Look through the records below for the line with "A reunião se" and the line with "クエン酸が豊富なハイビスカス", then return those lines and all lines between, exactly.

Collected data
■ ■ ■ ■ ■
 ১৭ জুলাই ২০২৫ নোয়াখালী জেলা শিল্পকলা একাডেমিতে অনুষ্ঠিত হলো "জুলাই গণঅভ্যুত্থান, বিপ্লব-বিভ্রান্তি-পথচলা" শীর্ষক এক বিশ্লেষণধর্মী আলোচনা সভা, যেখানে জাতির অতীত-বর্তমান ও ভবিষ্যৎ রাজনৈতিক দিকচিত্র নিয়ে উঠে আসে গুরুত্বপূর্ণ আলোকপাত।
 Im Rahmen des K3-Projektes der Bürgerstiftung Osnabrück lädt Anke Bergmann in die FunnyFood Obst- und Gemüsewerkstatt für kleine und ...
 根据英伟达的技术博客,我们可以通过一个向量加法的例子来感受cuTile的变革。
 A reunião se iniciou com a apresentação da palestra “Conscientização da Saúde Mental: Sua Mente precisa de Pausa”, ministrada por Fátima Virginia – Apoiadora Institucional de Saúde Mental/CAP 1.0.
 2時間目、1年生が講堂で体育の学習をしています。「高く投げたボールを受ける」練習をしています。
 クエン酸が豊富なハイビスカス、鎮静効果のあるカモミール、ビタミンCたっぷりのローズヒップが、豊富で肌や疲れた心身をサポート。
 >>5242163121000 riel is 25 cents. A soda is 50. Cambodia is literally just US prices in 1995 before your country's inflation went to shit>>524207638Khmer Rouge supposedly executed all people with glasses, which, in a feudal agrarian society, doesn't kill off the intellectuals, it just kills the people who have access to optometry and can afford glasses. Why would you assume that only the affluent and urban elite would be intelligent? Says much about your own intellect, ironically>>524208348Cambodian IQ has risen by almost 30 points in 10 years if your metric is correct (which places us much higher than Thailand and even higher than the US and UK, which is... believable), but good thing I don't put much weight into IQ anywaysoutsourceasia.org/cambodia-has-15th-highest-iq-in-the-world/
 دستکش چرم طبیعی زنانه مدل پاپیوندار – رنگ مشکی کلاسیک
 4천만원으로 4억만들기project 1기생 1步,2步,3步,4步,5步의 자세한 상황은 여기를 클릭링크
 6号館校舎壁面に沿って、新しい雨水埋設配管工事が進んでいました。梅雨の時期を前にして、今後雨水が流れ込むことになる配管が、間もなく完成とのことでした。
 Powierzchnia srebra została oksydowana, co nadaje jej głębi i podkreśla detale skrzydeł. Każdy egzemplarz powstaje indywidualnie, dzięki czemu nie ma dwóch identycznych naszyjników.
■ ■ ■ ■ ■
### Output of the exercise
 A reunião se iniciou com a apresentação da palestra “Conscientização da Saúde Mental: Sua Mente precisa de Pausa”, ministrada por Fátima Virginia – Apoiadora Institucional de Saúde Mental/CAP 1.0.
 2時間目、1年生が講堂で体育の学習をしています。「高く投げたボールを受ける」練習をしています。
 クエン酸が豊富なハイビスカス、鎮静効果のあるカモミール、ビタミンCたっぷりのローズヒップが、豊富で肌や疲れた心身をサポート。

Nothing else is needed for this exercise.